● DIRECTIONS:
Of all the lines below, output only those starting at the one with "Figure 12. The" and ending at the one with "Each player gets", both ends included, exactly as written.

● ENTRIES PROVIDED:
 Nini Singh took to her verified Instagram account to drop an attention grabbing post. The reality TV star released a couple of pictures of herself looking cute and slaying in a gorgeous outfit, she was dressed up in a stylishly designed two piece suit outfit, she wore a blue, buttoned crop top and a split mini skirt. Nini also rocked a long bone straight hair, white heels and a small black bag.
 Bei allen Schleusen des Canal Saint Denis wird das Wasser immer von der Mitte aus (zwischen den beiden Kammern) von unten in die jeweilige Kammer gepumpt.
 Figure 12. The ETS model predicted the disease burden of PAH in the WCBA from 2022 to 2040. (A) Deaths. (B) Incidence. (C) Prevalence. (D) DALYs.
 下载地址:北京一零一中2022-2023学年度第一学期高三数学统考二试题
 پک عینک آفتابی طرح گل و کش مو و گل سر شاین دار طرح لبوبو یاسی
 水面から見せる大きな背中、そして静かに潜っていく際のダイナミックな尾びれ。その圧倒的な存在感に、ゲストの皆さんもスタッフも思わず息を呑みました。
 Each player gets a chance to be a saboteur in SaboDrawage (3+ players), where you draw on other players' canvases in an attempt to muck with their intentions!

==

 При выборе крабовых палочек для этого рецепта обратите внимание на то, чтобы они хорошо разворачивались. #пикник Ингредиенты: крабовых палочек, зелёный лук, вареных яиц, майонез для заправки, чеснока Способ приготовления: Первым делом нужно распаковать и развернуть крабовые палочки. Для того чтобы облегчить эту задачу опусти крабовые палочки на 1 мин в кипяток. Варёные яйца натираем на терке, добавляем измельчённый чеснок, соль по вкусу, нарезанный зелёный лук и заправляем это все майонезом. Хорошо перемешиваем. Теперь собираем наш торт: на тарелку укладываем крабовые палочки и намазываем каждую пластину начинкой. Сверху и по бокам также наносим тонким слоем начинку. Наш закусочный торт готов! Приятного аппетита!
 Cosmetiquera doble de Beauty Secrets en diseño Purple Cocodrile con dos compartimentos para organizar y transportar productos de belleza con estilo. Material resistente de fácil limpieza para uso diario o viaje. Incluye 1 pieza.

● OUTPUT FOR THIS TASK:
 Figure 12. The ETS model predicted the disease burden of PAH in the WCBA from 2022 to 2040. (A) Deaths. (B) Incidence. (C) Prevalence. (D) DALYs.
 下载地址:北京一零一中2022-2023学年度第一学期高三数学统考二试题
 پک عینک آفتابی طرح گل و کش مو و گل سر شاین دار طرح لبوبو یاسی
 水面から見せる大きな背中、そして静かに潜っていく際のダイナミックな尾びれ。その圧倒的な存在感に、ゲストの皆さんもスタッフも思わず息を呑みました。
 Each player gets a chance to be a saboteur in SaboDrawage (3+ players), where you draw on other players' canvases in an attempt to muck with their intentions!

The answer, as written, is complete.